As for overclocking, I've never done it myself back in the day, but from what I've seen it does improve performance, so it's worth considering if used in moderation.


----------



## Friend of Sonic (Apr 11, 2014)

Further reading indicates OCing isn't possible on the QD. XD

That's good to know it's that easy to put them on there. I read that there's an alternative file explorer that is better than stock, so I'll look for that. As for why I'd want 2GB, the complete library of N-Gage games is just slightly over 1GB in size (although there's some obvious stuff I could cut out that is just garbage) and, also, I might mess around with some of the Symbian games.

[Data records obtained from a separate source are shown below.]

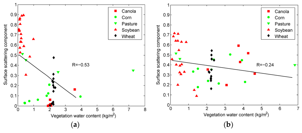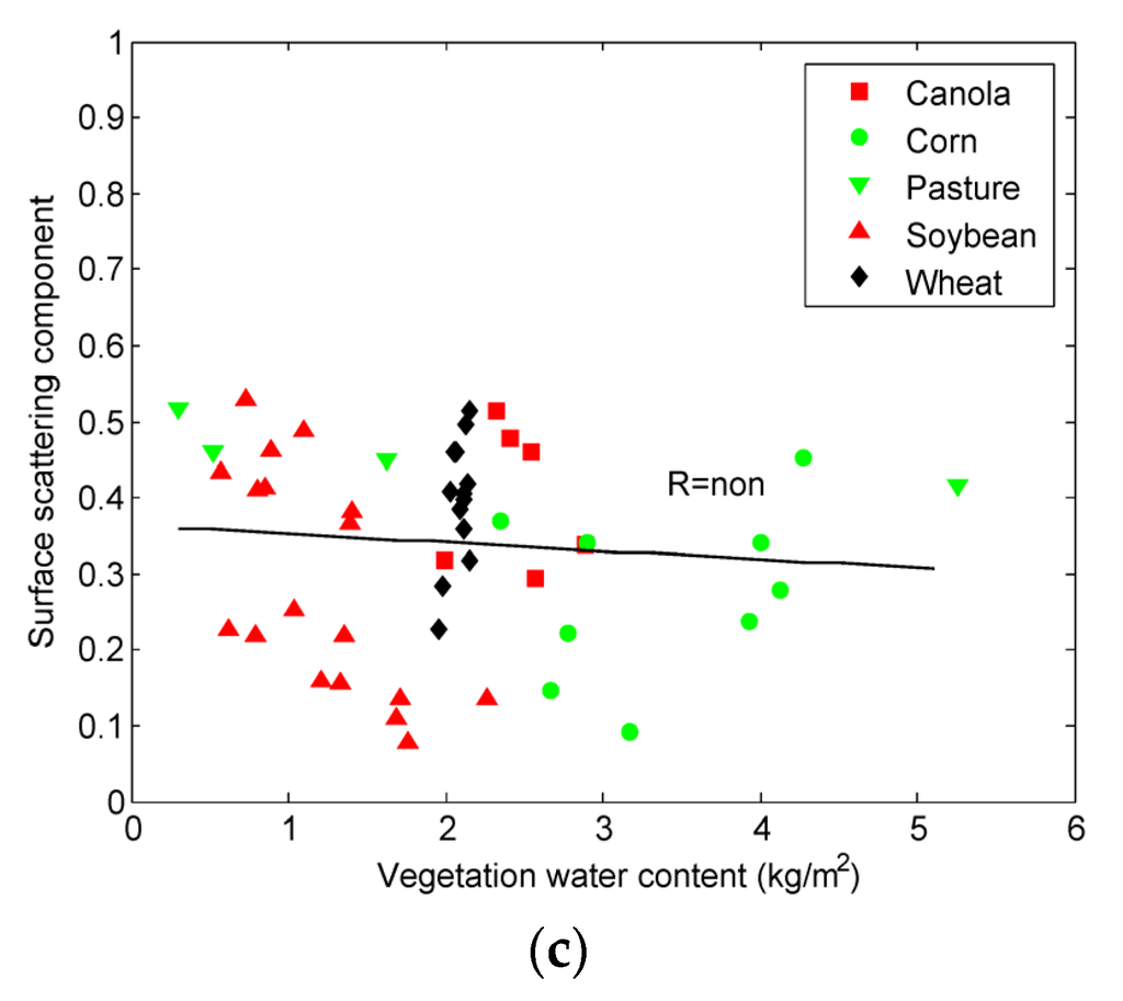 Correlation analysis of vegetation water content and surface scattering component for Julian day (a) 169 (17 June 2012); (b) 185 (3 June 2012); (c) 199 (17 July 2012).
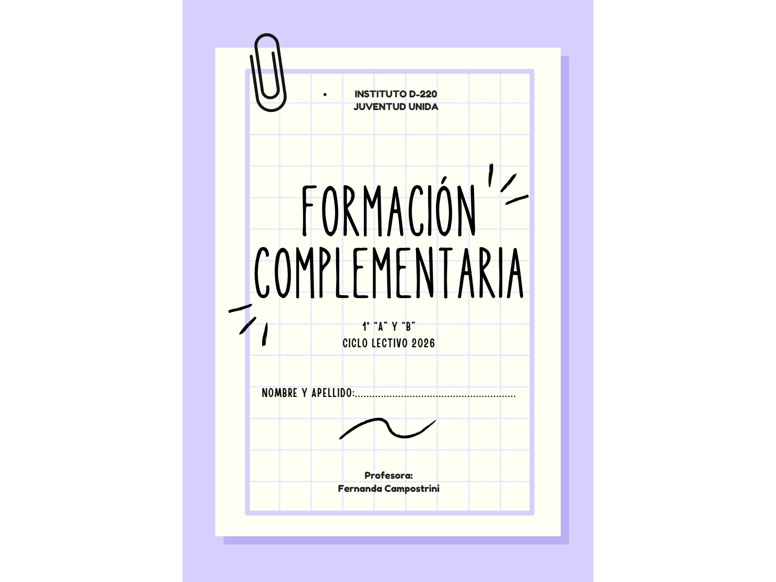 Formación Complementaria - 1° AÑO - ABDossier de Formación Complementaria - 1° AÑO "A y B" (Prof. Fernanda Campostrini) Presentaciones Seleccioná las opciones que quieras.COLOR Dossier impreso a COLOR $5.900NEGRO Dossier impreso en NEGRO $3.800 Observaciones 0 / 150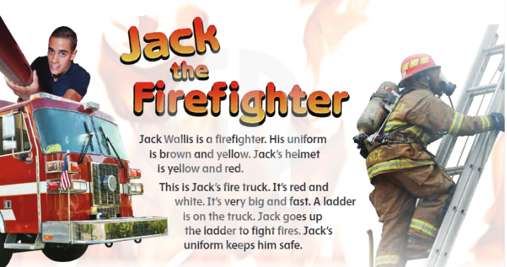 Jack Wallis is a firefighter. His uniform is brown and yellow. Jack’s helmet is yellow and red.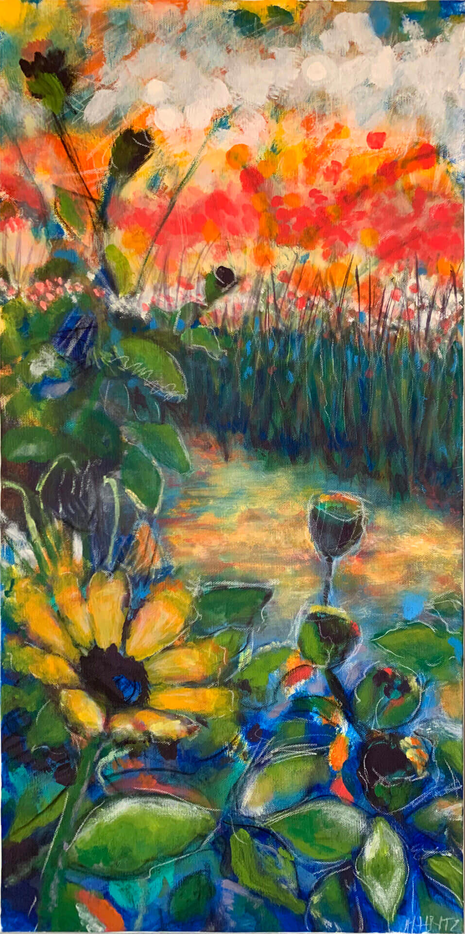My large canvas painting approach is both impressionistic and expressive. Working with mixed media, I look for the perfect balance between applied paint, charcoal scribbles, and oil pastel marks. These large format captures of nature are alive with vivid brushwork and washes of color.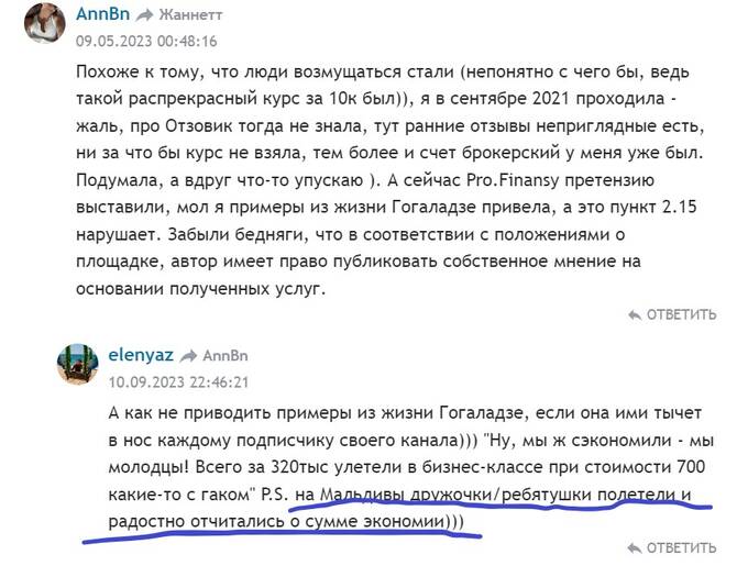 Собственно, для тех, кто хоть немного дружит с мозгами, такой результат неудивителен – достаточно хотя бы бегло ознакомиться с теми «гениальными» советами, которые дает Гогаладзе в сфере инвестиций и заработка денег, чтобы с ней не связываться. Но умные люди и не связываются. Ее контент рассчитан на тупых инстакуриц, полагающих, что деньги можно заработать «позитивным мышлением» и «правильными посылами мировому эфиру».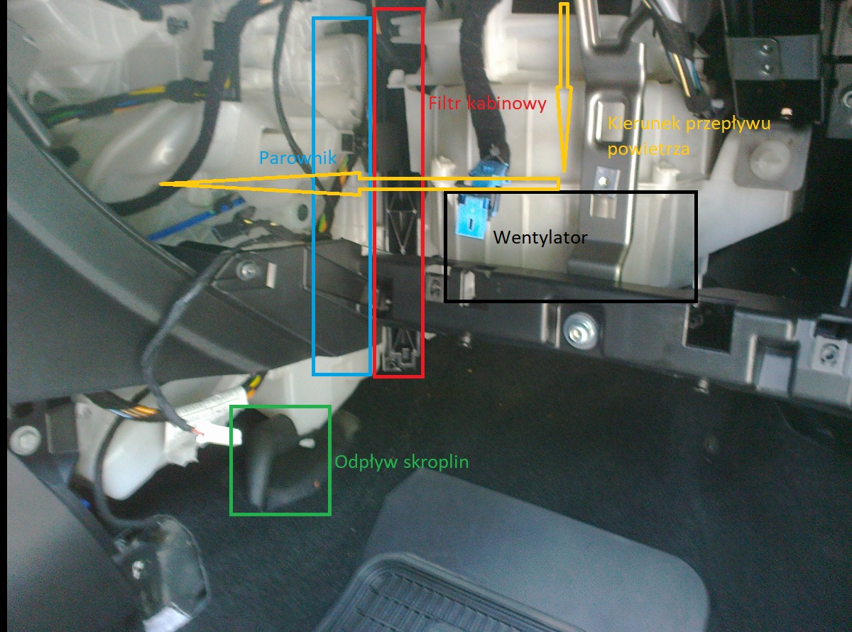 1. Demontujemy filtr kabinowy, wydmuchyjemy wentylatorem ewentualny syf, możemy odkurzaczem pojeździć też w komorze filtra... ale puszczenie wentylatora na max raczej załatwi temat.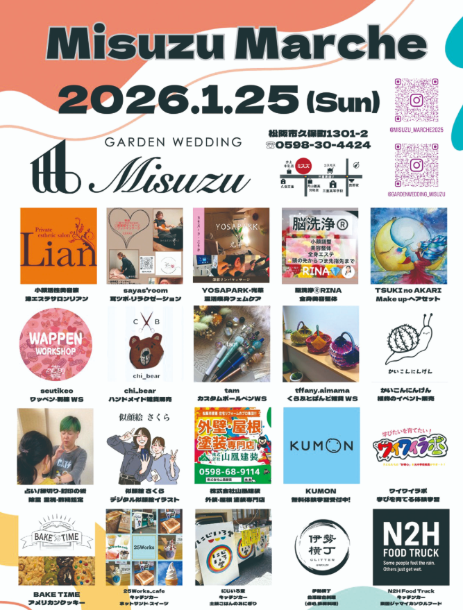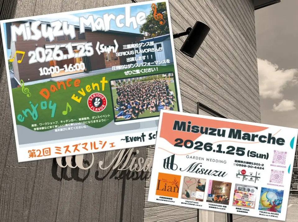 そんなガーデンウェディングミスズで、定期的に開催されているのが、イベント「ミスズマルシェ」。今回は2026年1月25日(日)10:00~16:00で開催されます!
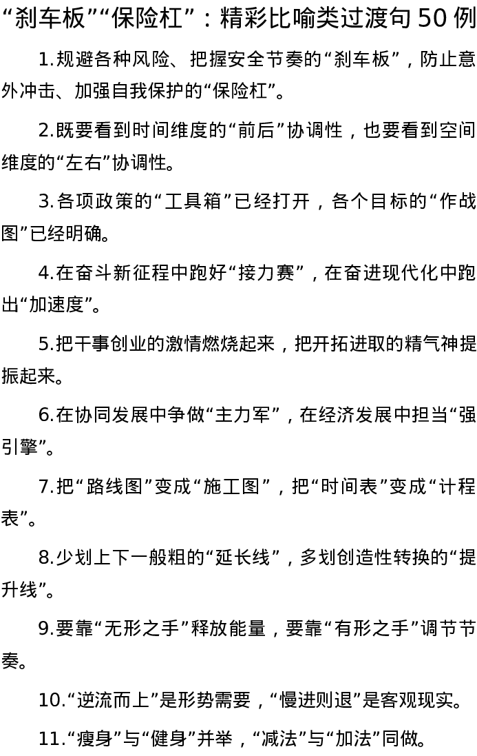 20220823【写作素材】“刹车板”“保险杠”:精彩比喻类过渡句50例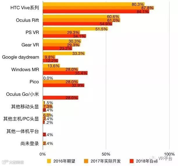头显设备方面,HTC Vive 系产品依然处于领先地位,PSVR 和 Daydream 的实际开发占比和新一年的开发期望都大幅降低,Windows MR 系列头显的开发意愿则持续走高。Pico 成为2017年的黑马,在开发者中获得巨大支持,其在 B 端市场的成功功不可没。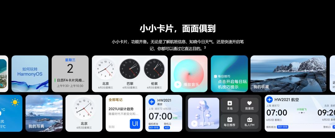首先,可能是因为系统内核不同的缘故,EMUI 12并不支持HarmonyOS 2系统特有的万能卡片功能。备受好评的万能卡片不仅可以个性化展示与用户高度相关且必要的信息,还允许用户直达应用内部的各种服务,在简化手机操作体验的同时,让用户得以打造具有个人风格的桌面。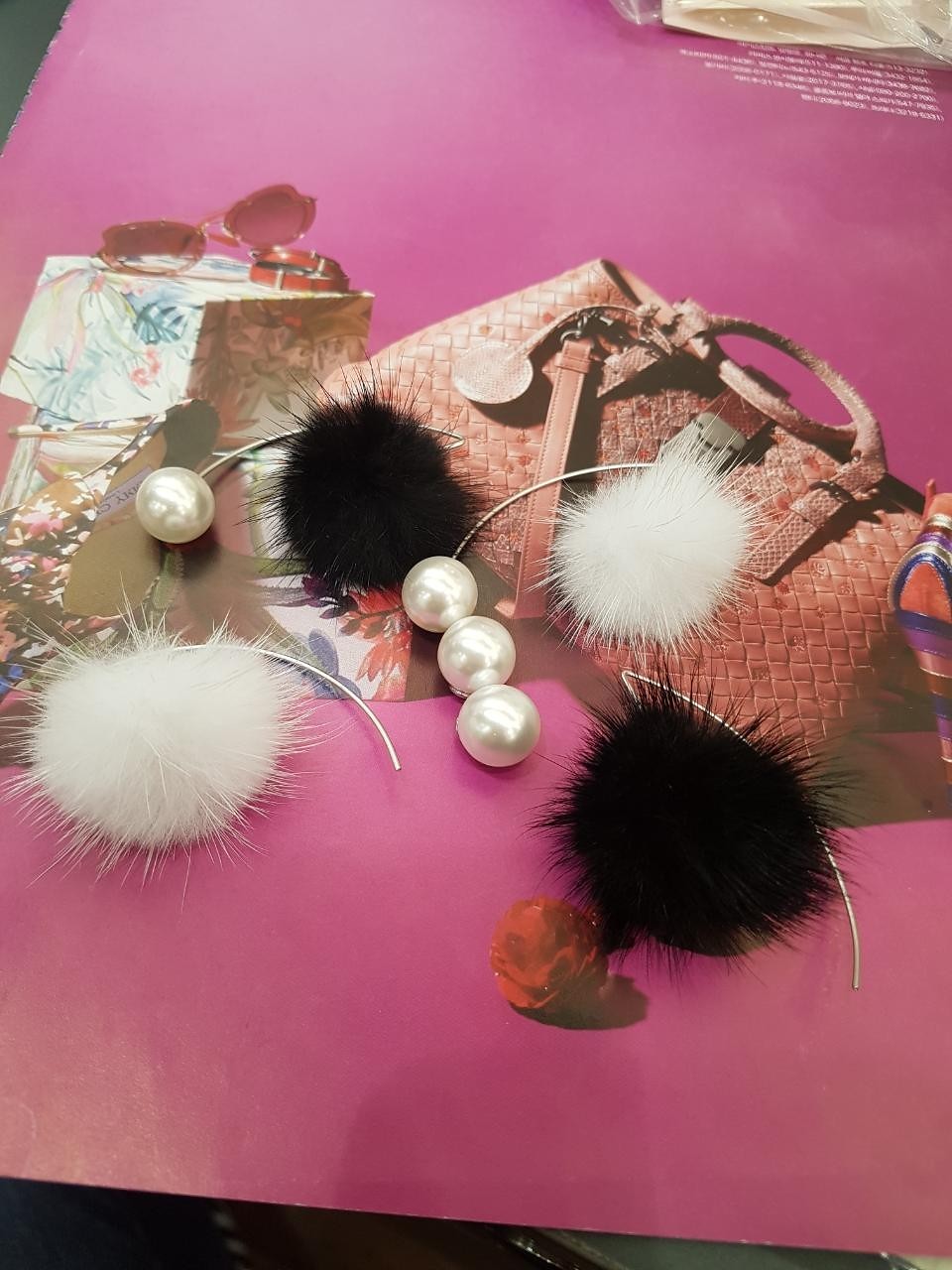 品名:악세사리ㅡ밍크 진주 귀걸이 ◎※☞颜色:블랙, 화이트 ◎※☞尺寸:FREE ◎※☞材质:밍크 0% 翻译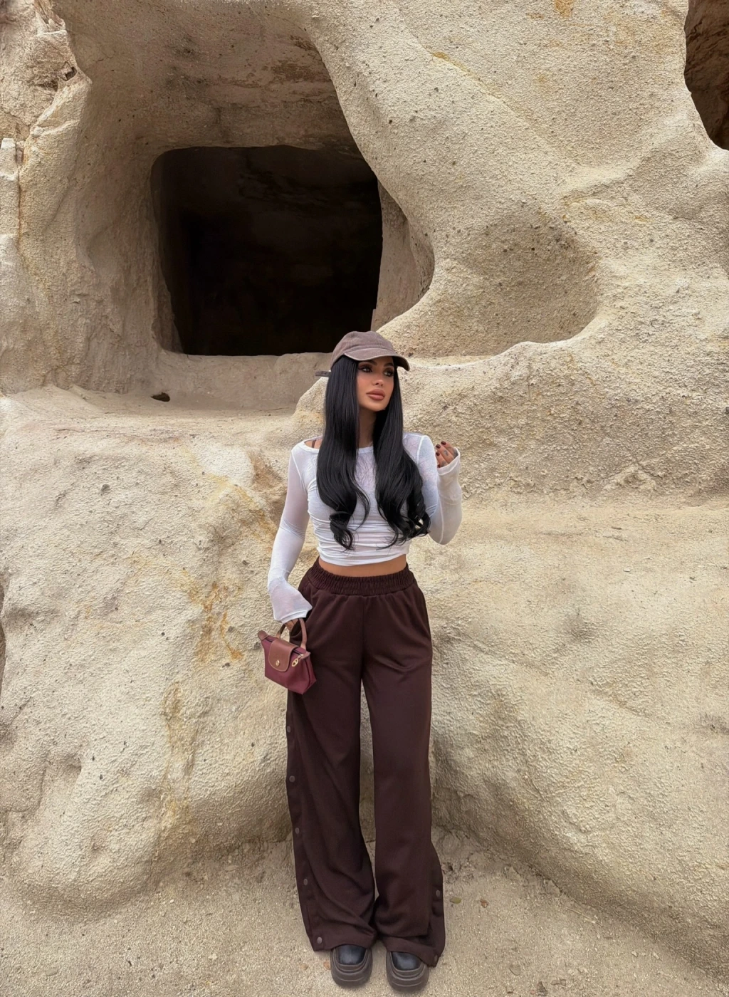 - Geniş paça detayı ve palazzo kesimi ile hareket özgürlüğü sunar.

My only gripe-- MMC cards are incredibly expensive. 2GB for almost 30 bucks... yeesh. Makes me want to try the Chinese cards, but that'd probably be a foolish idea.


----------



## Foxi4 (Apr 11, 2014)

It's pretty obvious why they're pricy - it's deprecated hardware. If someone wants a high-capacity MMC card, it means that someone _really_ needs it, so you might as well gip him.  2GB should work perfectly fine, it's well-within the limits of FAT16, I believe that's the file system used by the N-Gage.


----------



## Friend of Sonic (Apr 11, 2014)

Awesome. I'm seeing a lot of posts too where people reporting that 2GB work fine-- music player doesn't support it, but not looking to mess around with that. Thanks Foxi4.


----------



## ov3rkill (Apr 11, 2014)

Try checking out BLZPDA or Blizzard Ngage Installer. I'm not sure if it'll be compatible or what. Quick google will result in those things.


----------



## Friend of Sonic (Apr 20, 2014)

Well, I think there might be a little more than just copying the files over. I did so, and followed the instructions for copying the "apps" and "libs" folder from the game folder into my system folder on the MMC card, and it makes an icon appear in my app list. Playing it makes an error appear though, "Please insert Game MMC" Any ideas?


----------



## Jayro (Apr 20, 2014)

Since SD cards are basically MMC cards with a read/write switch, can't you just use a cheap $4 2GB SD?


----------



## Friend of Sonic (Apr 20, 2014)

JayRo said:


> Since SD cards are basically MMC cards with a read/write switch, can't you just use a cheap $4 2GB SD?


 
No, the pinouts are different from MMC I think, unless someone wants to correct me.


----------



## Deleted-236924 (Apr 21, 2014)

MMCs can be used in a standard SD card reader, but the opposite cannot be done.


----------



## Friend of Sonic (Apr 24, 2014)

Yep yep!

(Sorry for the cheesy bump but I'm really at a loss on how to get this to work properly)


----------



## Count Duckula (Apr 24, 2014)

I have an old original ngage around somewhere, havnt touched it in years. From memory it's not anything you need to mod in the OS but how the games are patched.
I recall that some games i downloaded would give and error similar to the one you're getting but others would launch fine (a different copy of the same game).Have you tried dumps of games from another source?
If you're really desperate i can find the thing, it likely still has some games on its memory card.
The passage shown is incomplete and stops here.